- _AIM OF THE EXERCISE_
Each line of the material must be repeated precisely, with the pictures left out.

======== GIVEN DATA

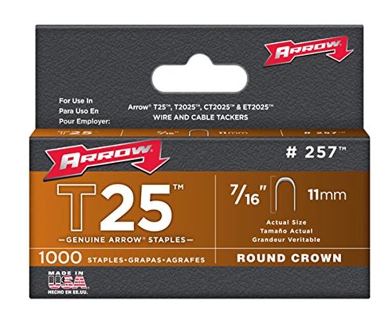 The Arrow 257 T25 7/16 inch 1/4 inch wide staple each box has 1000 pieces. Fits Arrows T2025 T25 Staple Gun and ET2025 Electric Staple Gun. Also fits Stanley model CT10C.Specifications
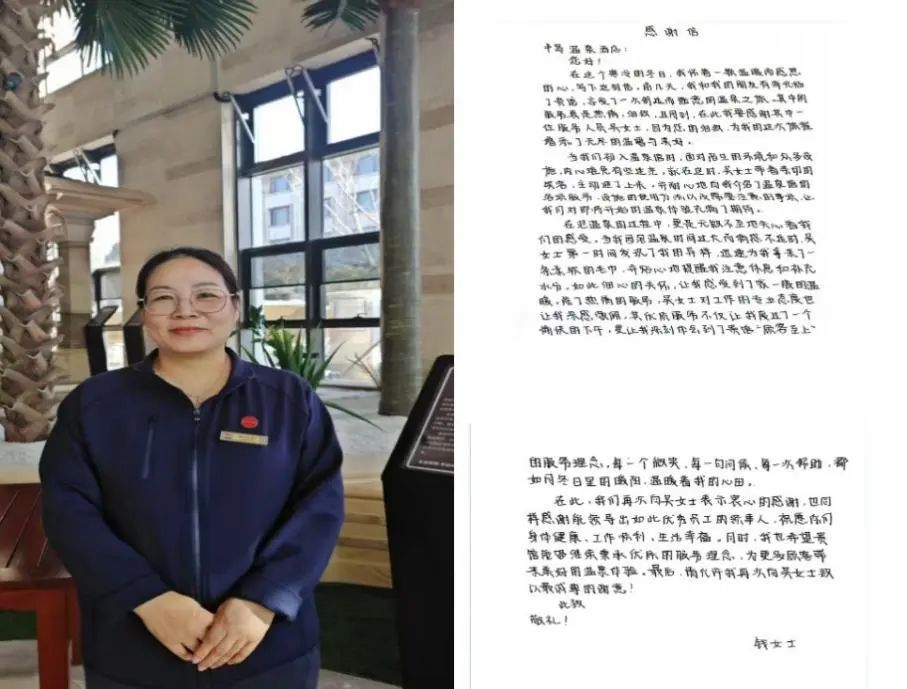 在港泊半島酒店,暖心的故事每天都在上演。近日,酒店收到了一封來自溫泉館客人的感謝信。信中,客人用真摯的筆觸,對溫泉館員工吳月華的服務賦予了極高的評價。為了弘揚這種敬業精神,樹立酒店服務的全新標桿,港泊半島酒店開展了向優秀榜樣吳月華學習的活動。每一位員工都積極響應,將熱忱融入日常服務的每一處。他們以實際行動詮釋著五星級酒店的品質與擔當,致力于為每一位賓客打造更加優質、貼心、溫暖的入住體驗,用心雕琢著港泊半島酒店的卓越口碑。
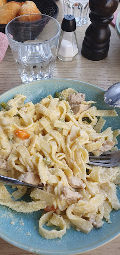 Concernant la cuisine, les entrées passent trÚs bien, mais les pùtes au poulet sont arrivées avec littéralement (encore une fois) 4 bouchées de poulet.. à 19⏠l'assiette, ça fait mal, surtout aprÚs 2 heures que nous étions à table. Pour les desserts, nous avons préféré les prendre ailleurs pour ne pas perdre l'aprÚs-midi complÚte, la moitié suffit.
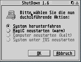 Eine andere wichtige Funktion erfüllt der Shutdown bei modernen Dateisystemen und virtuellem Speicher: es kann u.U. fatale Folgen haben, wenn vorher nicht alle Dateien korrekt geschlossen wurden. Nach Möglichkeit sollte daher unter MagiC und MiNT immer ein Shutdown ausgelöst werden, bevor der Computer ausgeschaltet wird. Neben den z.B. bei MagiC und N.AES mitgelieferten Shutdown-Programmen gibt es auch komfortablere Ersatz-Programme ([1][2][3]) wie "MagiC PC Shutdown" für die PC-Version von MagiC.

================

- _TASK RESULT_
 The Arrow 257 T25 7/16 inch 1/4 inch wide staple each box has 1000 pieces. Fits Arrows T2025 T25 Staple Gun and ET2025 Electric Staple Gun. Also fits Stanley model CT10C.Specifications
 在港泊半島酒店,暖心的故事每天都在上演。近日,酒店收到了一封來自溫泉館客人的感謝信。信中,客人用真摯的筆觸,對溫泉館員工吳月華的服務賦予了極高的評價。為了弘揚這種敬業精神,樹立酒店服務的全新標桿,港泊半島酒店開展了向優秀榜樣吳月華學習的活動。每一位員工都積極響應,將熱忱融入日常服務的每一處。他們以實際行動詮釋著五星級酒店的品質與擔當,致力于為每一位賓客打造更加優質、貼心、溫暖的入住體驗,用心雕琢著港泊半島酒店的卓越口碑。
 Concernant la cuisine, les entrées passent trÚs bien, mais les pùtes au poulet sont arrivées avec littéralement (encore une fois) 4 bouchées de poulet.. à 19⏠l'assiette, ça fait mal, surtout aprÚs 2 heures que nous étions à table. Pour les desserts, nous avons préféré les prendre ailleurs pour ne pas perdre l'aprÚs-midi complÚte, la moitié suffit.
 Eine andere wichtige Funktion erfüllt der Shutdown bei modernen Dateisystemen und virtuellem Speicher: es kann u.U. fatale Folgen haben, wenn vorher nicht alle Dateien korrekt geschlossen wurden. Nach Möglichkeit sollte daher unter MagiC und MiNT immer ein Shutdown ausgelöst werden, bevor der Computer ausgeschaltet wird. Neben den z.B. bei MagiC und N.AES mitgelieferten Shutdown-Programmen gibt es auch komfortablere Ersatz-Programme ([1][2][3]) wie "MagiC PC Shutdown" für die PC-Version von MagiC.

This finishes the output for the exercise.